* _About this task_
If a line below falls between the line with "极速纯黄铜真品五帝钱葫芦挂件压门槛铜钱古币门对门X六帝钱挂饰" and the line with "Слоеное тесто раскатайте", or is one of those two, output it exactly; output nothing else and no pictures.

*** Opening of Material shown ***

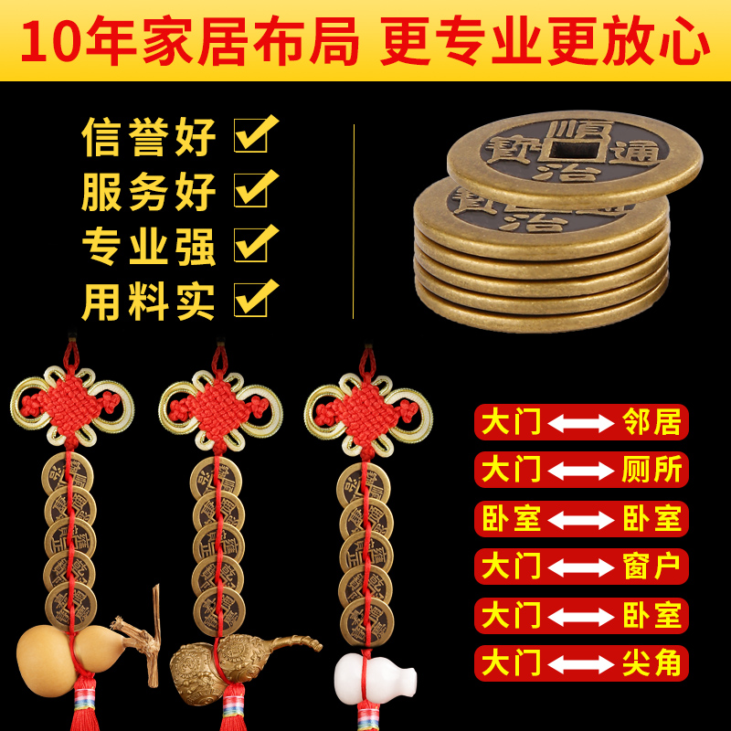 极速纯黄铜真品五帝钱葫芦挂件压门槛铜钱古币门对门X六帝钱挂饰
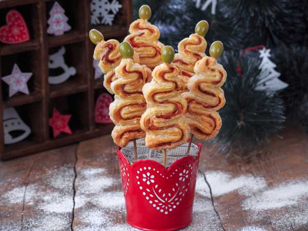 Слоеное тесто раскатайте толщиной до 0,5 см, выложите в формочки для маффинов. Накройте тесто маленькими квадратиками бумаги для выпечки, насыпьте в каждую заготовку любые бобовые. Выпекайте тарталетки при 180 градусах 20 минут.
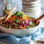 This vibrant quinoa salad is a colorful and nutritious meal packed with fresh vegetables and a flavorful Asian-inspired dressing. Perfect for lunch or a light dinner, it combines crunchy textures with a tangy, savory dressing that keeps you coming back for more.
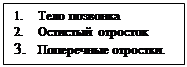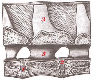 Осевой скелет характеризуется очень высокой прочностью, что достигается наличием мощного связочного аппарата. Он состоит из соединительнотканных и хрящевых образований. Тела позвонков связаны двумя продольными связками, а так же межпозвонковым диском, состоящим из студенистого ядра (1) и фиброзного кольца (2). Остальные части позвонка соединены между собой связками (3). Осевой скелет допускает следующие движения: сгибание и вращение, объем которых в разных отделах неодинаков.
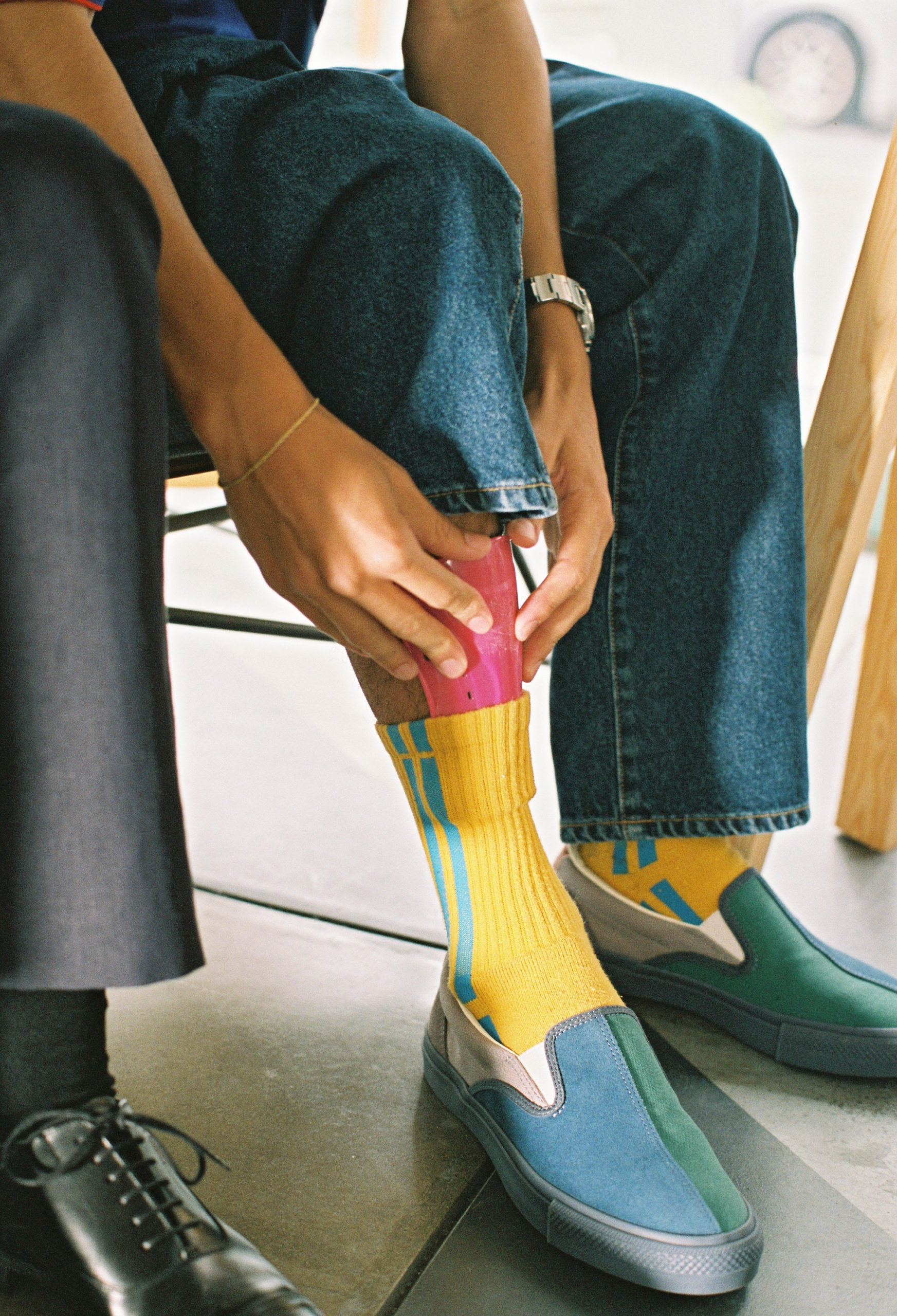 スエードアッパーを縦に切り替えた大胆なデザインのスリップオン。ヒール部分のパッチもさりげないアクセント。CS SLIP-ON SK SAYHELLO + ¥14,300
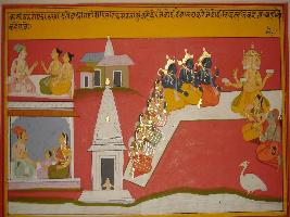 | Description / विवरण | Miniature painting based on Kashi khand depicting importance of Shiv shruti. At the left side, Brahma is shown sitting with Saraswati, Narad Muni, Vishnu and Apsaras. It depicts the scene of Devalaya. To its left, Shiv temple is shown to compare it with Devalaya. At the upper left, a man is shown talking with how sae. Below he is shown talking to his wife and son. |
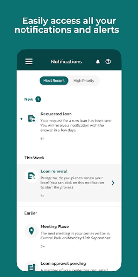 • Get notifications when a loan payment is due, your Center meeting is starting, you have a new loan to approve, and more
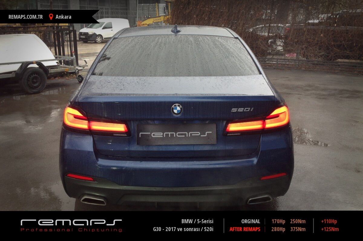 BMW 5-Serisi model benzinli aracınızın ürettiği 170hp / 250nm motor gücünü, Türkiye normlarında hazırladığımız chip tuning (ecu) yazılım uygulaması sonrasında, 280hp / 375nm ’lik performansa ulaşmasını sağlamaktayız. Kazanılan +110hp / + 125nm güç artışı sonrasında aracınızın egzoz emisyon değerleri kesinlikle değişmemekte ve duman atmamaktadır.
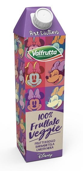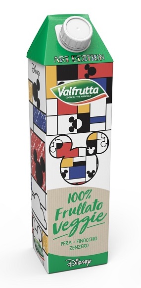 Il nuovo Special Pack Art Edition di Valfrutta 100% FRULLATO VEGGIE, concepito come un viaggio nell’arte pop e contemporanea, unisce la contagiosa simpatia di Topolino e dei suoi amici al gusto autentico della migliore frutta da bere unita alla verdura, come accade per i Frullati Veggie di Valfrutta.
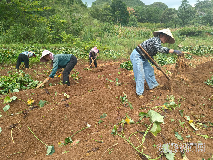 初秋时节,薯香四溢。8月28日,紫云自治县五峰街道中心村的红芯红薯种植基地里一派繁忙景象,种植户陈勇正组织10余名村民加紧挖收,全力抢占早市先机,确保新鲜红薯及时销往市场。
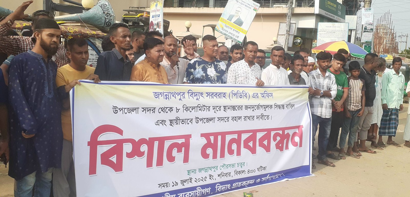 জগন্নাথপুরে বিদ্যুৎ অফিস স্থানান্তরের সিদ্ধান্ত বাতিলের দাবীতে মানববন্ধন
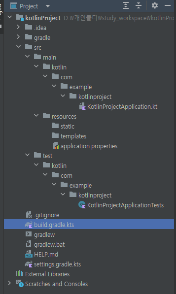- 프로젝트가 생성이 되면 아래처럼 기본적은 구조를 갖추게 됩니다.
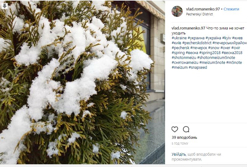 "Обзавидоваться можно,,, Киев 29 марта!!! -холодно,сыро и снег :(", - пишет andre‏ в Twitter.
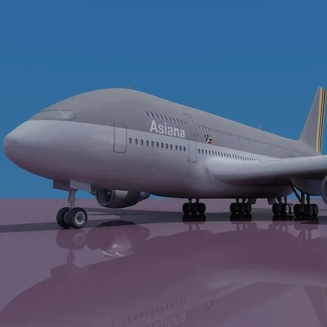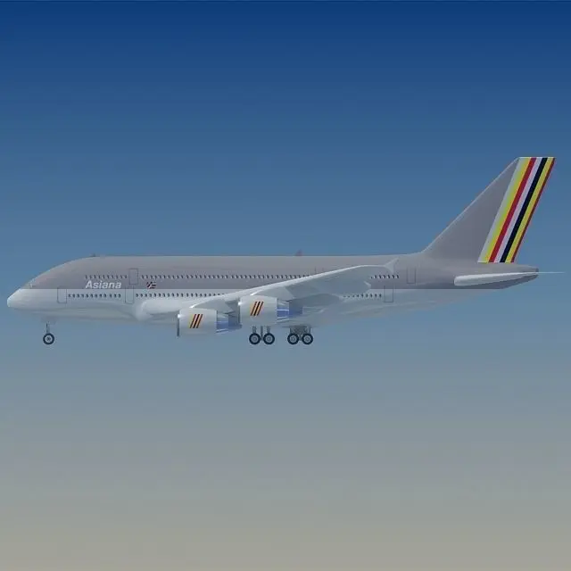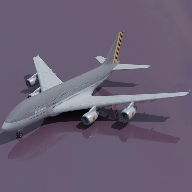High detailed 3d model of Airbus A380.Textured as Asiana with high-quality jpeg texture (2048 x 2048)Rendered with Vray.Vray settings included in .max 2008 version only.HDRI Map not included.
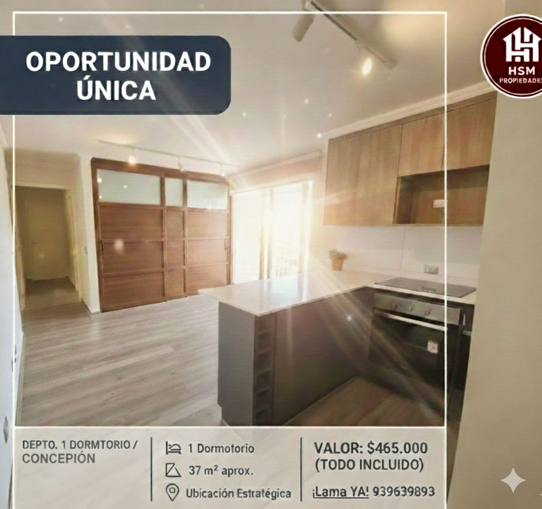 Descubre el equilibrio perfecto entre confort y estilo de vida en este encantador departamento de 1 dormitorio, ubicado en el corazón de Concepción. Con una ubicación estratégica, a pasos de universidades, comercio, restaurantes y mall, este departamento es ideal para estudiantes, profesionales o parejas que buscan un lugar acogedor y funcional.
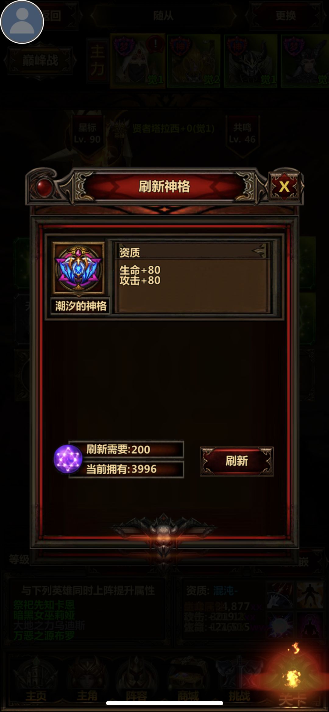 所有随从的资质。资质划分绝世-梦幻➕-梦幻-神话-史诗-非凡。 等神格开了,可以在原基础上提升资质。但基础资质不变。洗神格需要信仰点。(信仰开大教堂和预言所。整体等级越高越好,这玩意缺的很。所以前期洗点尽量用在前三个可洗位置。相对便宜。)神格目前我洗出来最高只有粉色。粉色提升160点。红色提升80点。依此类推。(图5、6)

*** Close of Material shown ***
*** Opening of Material shown ***

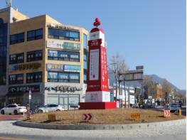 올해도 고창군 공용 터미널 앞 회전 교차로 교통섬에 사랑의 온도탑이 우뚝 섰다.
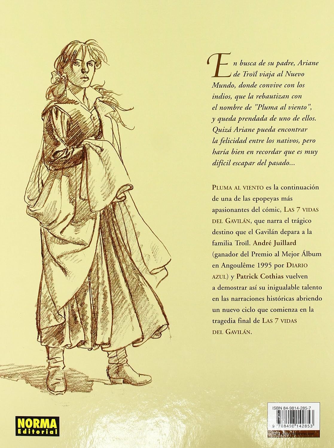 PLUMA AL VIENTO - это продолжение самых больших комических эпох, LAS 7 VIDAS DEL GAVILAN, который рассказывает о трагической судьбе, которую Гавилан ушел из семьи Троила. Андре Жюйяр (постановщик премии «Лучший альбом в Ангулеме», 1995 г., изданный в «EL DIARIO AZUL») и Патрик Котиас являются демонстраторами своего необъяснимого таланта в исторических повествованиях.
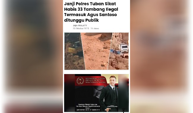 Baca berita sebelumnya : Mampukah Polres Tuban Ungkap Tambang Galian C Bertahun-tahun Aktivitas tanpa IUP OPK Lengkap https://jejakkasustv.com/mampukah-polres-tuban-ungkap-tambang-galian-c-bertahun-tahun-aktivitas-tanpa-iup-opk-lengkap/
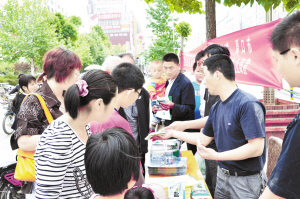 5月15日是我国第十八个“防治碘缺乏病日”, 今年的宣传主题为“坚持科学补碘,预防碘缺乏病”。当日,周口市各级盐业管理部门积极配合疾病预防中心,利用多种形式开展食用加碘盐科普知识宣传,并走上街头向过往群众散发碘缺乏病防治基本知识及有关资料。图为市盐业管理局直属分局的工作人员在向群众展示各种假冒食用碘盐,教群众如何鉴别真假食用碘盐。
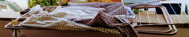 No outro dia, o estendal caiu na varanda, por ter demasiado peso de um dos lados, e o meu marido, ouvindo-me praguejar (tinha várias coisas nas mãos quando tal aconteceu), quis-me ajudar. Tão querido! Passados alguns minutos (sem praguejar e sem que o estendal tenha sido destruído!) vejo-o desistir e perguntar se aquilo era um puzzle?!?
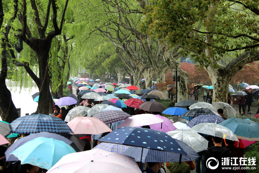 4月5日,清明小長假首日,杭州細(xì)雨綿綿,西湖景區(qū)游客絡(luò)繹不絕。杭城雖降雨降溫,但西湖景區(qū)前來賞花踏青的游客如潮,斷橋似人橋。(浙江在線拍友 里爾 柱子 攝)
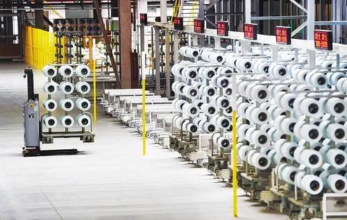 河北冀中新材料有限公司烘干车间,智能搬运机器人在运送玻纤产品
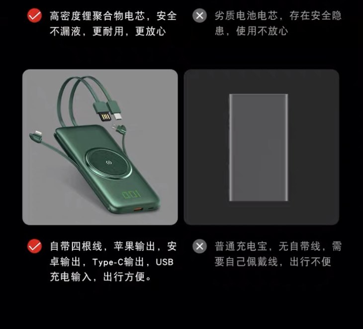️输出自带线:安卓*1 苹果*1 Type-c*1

*** Close of Material shown ***

* _Exercise answer_
 极速纯黄铜真品五帝钱葫芦挂件压门槛铜钱古币门对门X六帝钱挂饰
 Слоеное тесто раскатайте толщиной до 0,5 см, выложите в формочки для маффинов. Накройте тесто маленькими квадратиками бумаги для выпечки, насыпьте в каждую заготовку любые бобовые. Выпекайте тарталетки при 180 градусах 20 минут.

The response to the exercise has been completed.